Análise: Em crise com instituições como PF e Receita, Bolsonaro está sob um teste inédito
A cúpula da Polícia Federal resolveu pagar para ver na queda de braço com Jair Bolsonaro. E, ao menos por ora, saiu ganhando. O anunciado desejo do presidente da República de interferir na escolha do novo superintendente da corporação no Rio de Janeiro pegou mal internamente e, por pouco, não resultou em um pedido de...
A cúpula da Polícia Federal resolveu pagar para ver na queda de braço com Jair Bolsonaro. E, ao menos por ora, saiu ganhando. O anunciado desejo do presidente da República de interferir na escolha do novo superintendente da corporação no Rio de Janeiro pegou mal internamente e, por pouco, não resultou em um pedido de demissão coletiva dos chefes da polícia — incluído na lista o próprio diretor-geral, Maurício Valeixo.
A direção da PF já tinha um nome para substituir o delegado Ricardo Saadi, prestes a ser transferido para Brasília. Era o do atual superintendente em Pernambuco, Carlos Henrique Sousa. Bolsonaro atravessou. Além de dizer que Saadi seria trocado por questões de “gestão e produtividade”, uma avaliação que também não foi bem recebida na cúpula da polícia, o presidente anunciou que seu preferido era outro.
“Quem manda sou eu. (Vou) Deixar bem claro. Eu dou liberdade para os ministros todos, mas quem manda sou eu. Pelo que está pré-acertado, seria o lá de Manaus”, afirmou Bolsonaro na quinta-feira, em mais uma de suas entrevistas coletivas na saída do Palácio da Alvorada.
O tom da declaração do presidente foi enxergado como mais uma reprimenda ao ministro da Justiça, Sergio Moro. Bolsonaro estava incomodado porque a troca seria feita sem o seu aval e, mais que isso, atropelaria o seu indicado para o posto. Por sugestão de integrantes da ala militar do governo, ele queria colocar na chefia da PF no Rio o delegado Alexandre Silva Saraiva, atual superintendente no Amazonas.

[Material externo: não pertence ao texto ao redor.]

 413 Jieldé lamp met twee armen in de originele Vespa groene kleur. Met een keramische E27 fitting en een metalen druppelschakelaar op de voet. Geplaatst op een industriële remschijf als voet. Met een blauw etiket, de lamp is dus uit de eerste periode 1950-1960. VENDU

A reação foi imediata na polícia. De pronto, Maurício Valeixo deixou claro que não cederia à pressão política e que cabia a ele, e apenas a ele, definir o nome do novo superintendente. Em conversas reservadas, o diretor-geral lembrou que nem durante a era petista houve uma tentativa tão explícita do Planalto de interferir em assuntos internos da corporação. Também disse que se a PF cedesse no caso do Rio, abriria a porteira para outras interferências em Brasília e no restante do país.

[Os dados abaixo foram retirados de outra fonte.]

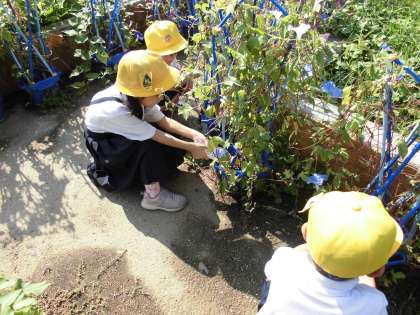 校庭にいる生き物を探しに行きました。トンボやアゲハチョウ、ダンゴムシを見つけました。
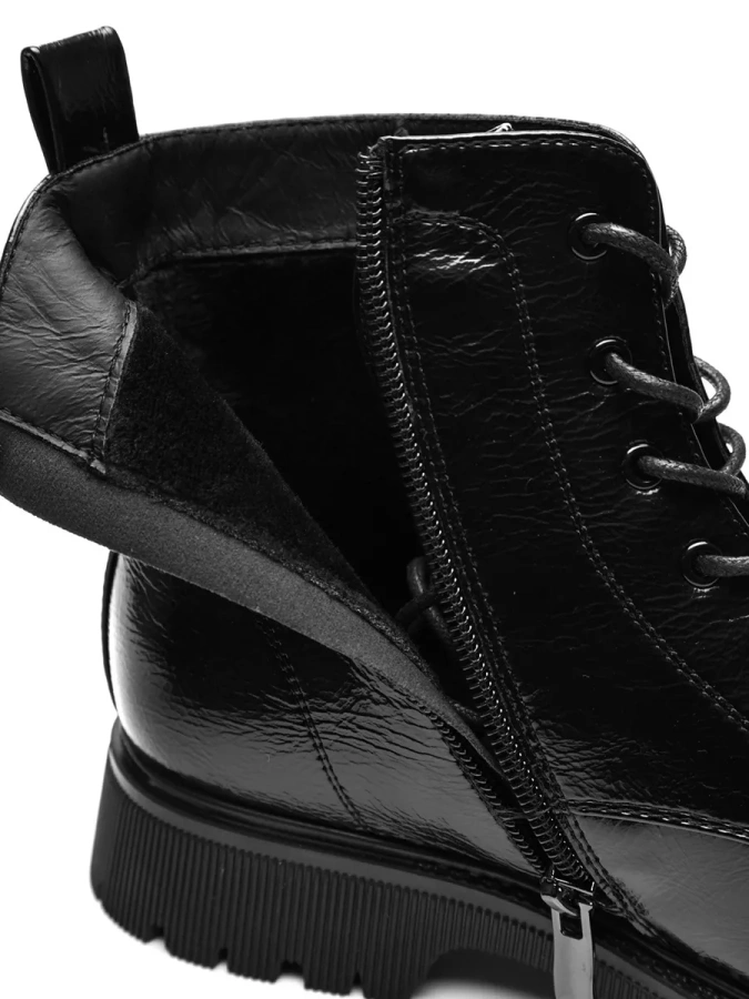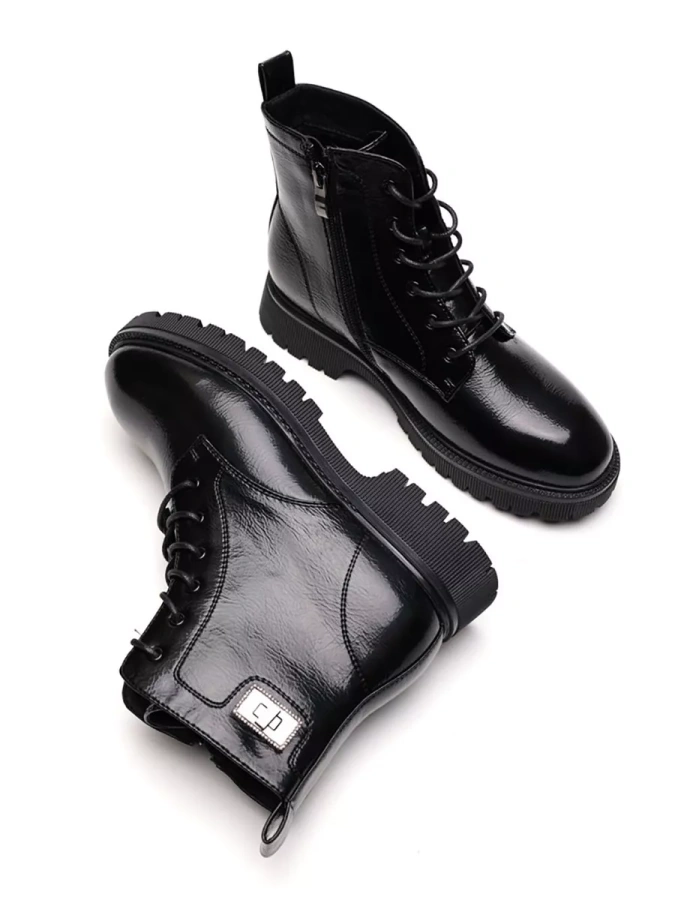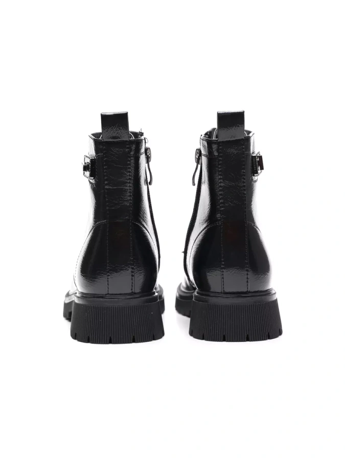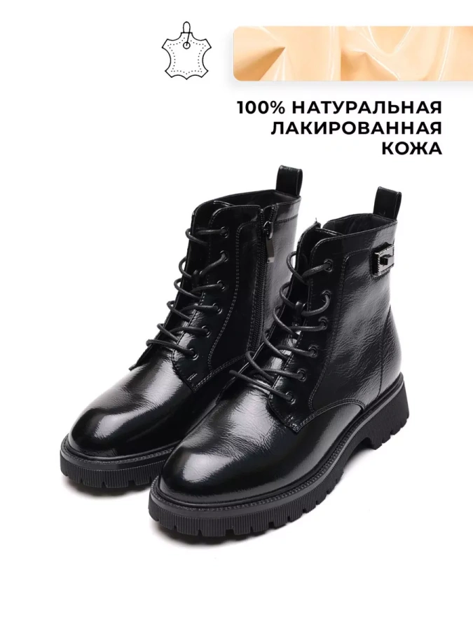 Ботинки изготовлены из 100% натуральной лаковой кожи, что гарантирует их высокое качество и долговечность. Чёрный цвет универсален и легко сочетается с любыми элементами гардероба. Высота подошвы составляет 2 см, а каблука — 3,7 см, обеспечивая комфорт при ходьбе. Кирпичный каблук придаёт ботинкам особый шарм. Благодаря подкладке и стельке из байковой ткани, ноги остаются в тепле и комфорте даже в холодное время года. Резиновая подошва обеспечивает отличную износостойкость. Удобная шнуровка и молния делают эти ботинки не только практичными, но и стильным дополнением к вашему образу. Они идеально подходят для создания повседневных образов в стиле кэжуал.

Repetindo que não tem apego ao cargo, mas que precisava sair em defesa da instituição, Valeixo fez o que poucos têm feito no atual governo: pagou para ver. Para marcar posição contra o “quem manda sou eu” de Bolsonaro, divulgou uma nota anunciando o nome do delegado que havia escolhido para o Rio. Enquanto isso, dentro de casa, se mexeu para mostrar ao Planalto que as consequências seriam graves se o presidente insistisse em empurrar goela abaixo o nome de Alexandre Saraiva. Estava tudo encaminhado para que, se isso acontecesse, o próprio Valeixo e a maioria dos superintendentes da PF nos estados entregassem seus cargos. Seria um escândalo.

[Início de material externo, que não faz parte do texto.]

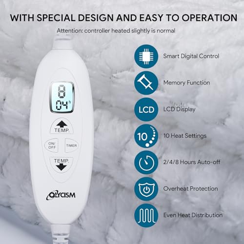 Olycism 180 x 130 cm Coperta Elettrica con Spegnimento Automatico con 10 Livelli di Riscaldamento e 9 Timer di Protezione Contro il Surriscaldamento Coperta Elettrica per Casa Ufficio Lavabile
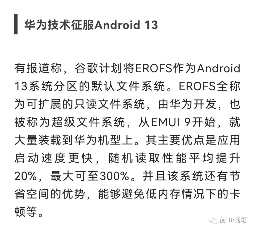 华为离开安卓后,安卓创新确实变慢了。看到新闻说谷歌要把华为发明的EROFS加入安卓13,这个感觉尤其明显,因为华为手机用很久了呀。
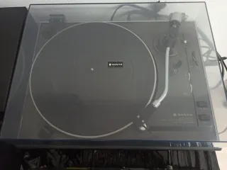 Sistema de audio Hi-Fi compacto de la marca Sanyo. - Plato giradiscos. - Reproductor de casetes. - Sintonizador de radio. - Controles deslizantes y botones. - Diseño elegante en color negro y plateado.
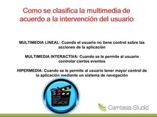 La multimedia consiste en el uso de varios tipos de medios como texto, gráficos, audio y video para transmitir información. Puede ser lineal, interactiva o hipermedia dependiendo del nivel de control del usuario. Tiene ventajas como mejorar la retención de información y hacerla más entretenida. Se usa en construcciones, medicina, educación y comunicaciones. Incluye gráficos, imágenes, animación y video.

Deu certo. Bolsonaro recuou. Em uma nova declaração a jornalistas, o presidente afirmou que não haveria problema se o chefe no Rio fosse o escolhido da cúpula da PF. “Tanto faz para mim. Eu sugeri o de Manaus e se vier o de Pernambuco não tem problema, não”, declarou. Maurício Valeixo não perdeu tempo: anunciou que o novo superintendente será Carlos Henrique Sousa, o seu escolhido, e não Alexandre Saraiva, o preferido do presidente e de militares do Planalto. Se não houver uma nova ofensiva de Bolsonaro, a nomeação deverá sair nas próximas semanas.
A reação da cúpula da polícia, impensável em outros tempos, é uma amostra do fortalecimento institucional que alguns órgãos tiveram nos últimos anos, especialmente em razão da Lava Jato. Algo louvável, é preciso dizer, em um país acostumado com ingerências politicas de toda ordem no serviço público. O caso da sucessão no Rio era especialmente caro por se tratar do estado de Bolsonaro, onde correm investigações sensíveis que, em algum momento, podem cruzar com interesses do próprio presidente e de seus familiares. Aceitar a interferência significaria, de fato, abrir uma perigosa exceção.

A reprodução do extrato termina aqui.